Task description> The part below that opens with the line containing "Frances going through" and closes with the line containing "Az alsó szint" should be copied exactly, minus any pictures.

Records for the task>
_ _ _

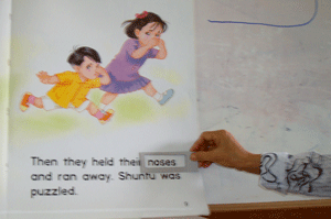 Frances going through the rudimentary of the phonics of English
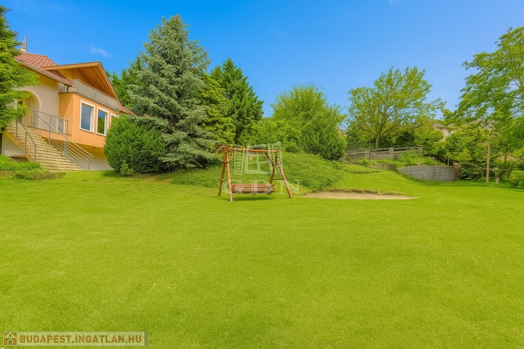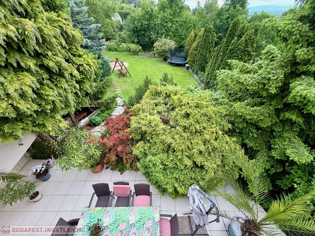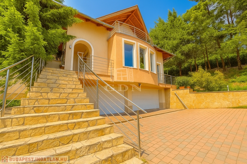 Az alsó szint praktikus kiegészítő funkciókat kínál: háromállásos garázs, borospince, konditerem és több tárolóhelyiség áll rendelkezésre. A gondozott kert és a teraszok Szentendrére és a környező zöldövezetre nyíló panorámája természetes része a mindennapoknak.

_ _ _

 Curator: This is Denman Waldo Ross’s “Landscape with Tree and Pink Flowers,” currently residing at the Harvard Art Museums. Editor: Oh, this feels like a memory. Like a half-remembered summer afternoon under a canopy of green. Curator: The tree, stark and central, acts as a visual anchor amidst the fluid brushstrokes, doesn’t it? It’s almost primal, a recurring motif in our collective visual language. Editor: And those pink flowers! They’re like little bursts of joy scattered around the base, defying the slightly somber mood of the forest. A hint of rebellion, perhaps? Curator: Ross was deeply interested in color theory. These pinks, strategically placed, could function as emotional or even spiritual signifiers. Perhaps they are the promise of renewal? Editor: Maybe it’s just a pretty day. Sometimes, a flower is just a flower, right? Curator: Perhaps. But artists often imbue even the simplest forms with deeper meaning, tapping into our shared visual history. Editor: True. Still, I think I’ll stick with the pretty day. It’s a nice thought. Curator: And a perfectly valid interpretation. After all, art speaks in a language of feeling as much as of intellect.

_ _ _

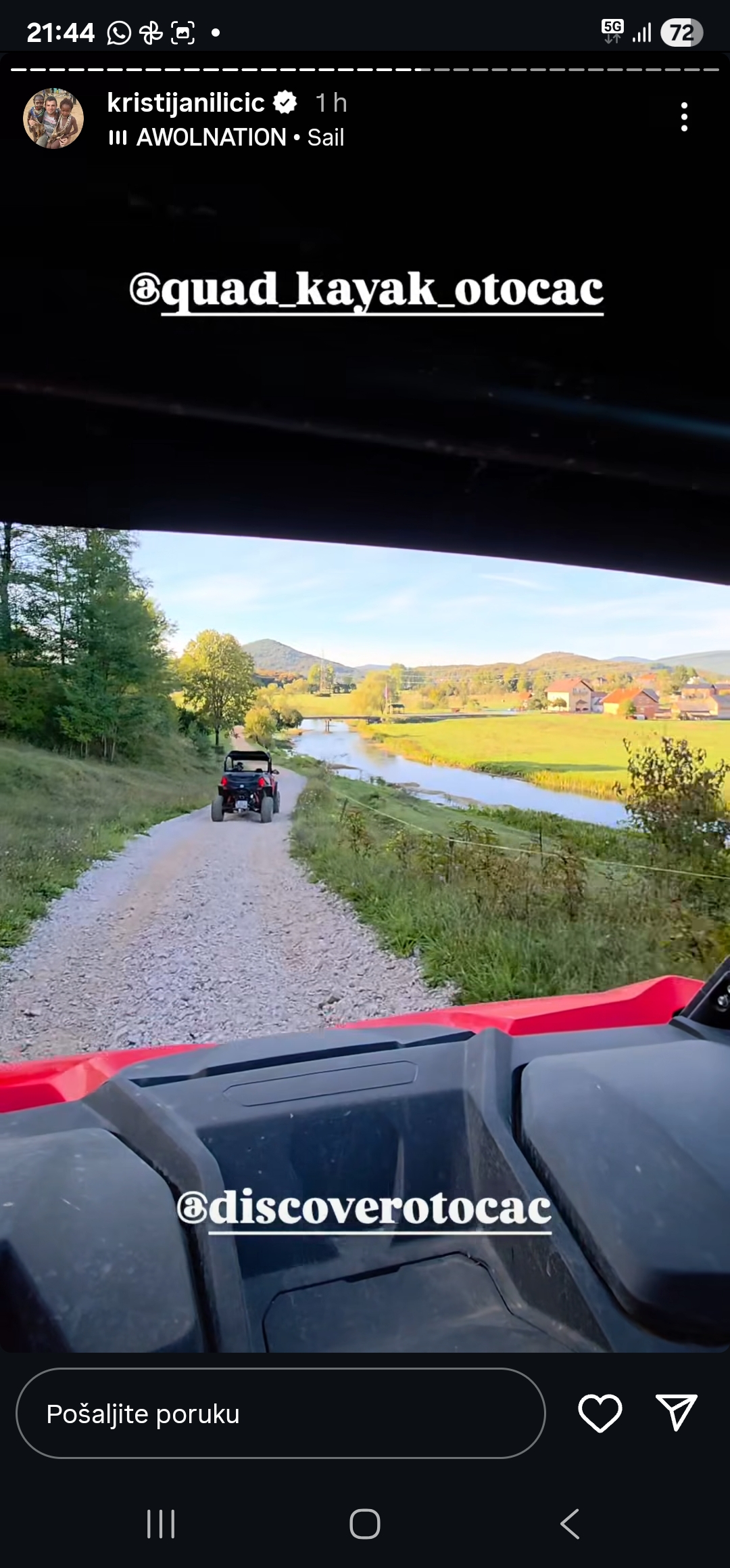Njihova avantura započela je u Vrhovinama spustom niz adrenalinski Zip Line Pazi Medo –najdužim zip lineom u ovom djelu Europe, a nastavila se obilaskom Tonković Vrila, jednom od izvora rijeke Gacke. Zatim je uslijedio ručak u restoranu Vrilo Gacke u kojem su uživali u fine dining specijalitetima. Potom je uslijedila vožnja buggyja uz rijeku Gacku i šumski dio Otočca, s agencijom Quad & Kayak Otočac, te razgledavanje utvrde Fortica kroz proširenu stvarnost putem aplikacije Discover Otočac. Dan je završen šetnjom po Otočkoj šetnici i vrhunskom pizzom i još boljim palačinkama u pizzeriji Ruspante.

_ _ _

Reply>
 Frances going through the rudimentary of the phonics of English
 Az alsó szint praktikus kiegészítő funkciókat kínál: háromállásos garázs, borospince, konditerem és több tárolóhelyiség áll rendelkezésre. A gondozott kert és a teraszok Szentendrére és a környező zöldövezetre nyíló panorámája természetes része a mindennapoknak.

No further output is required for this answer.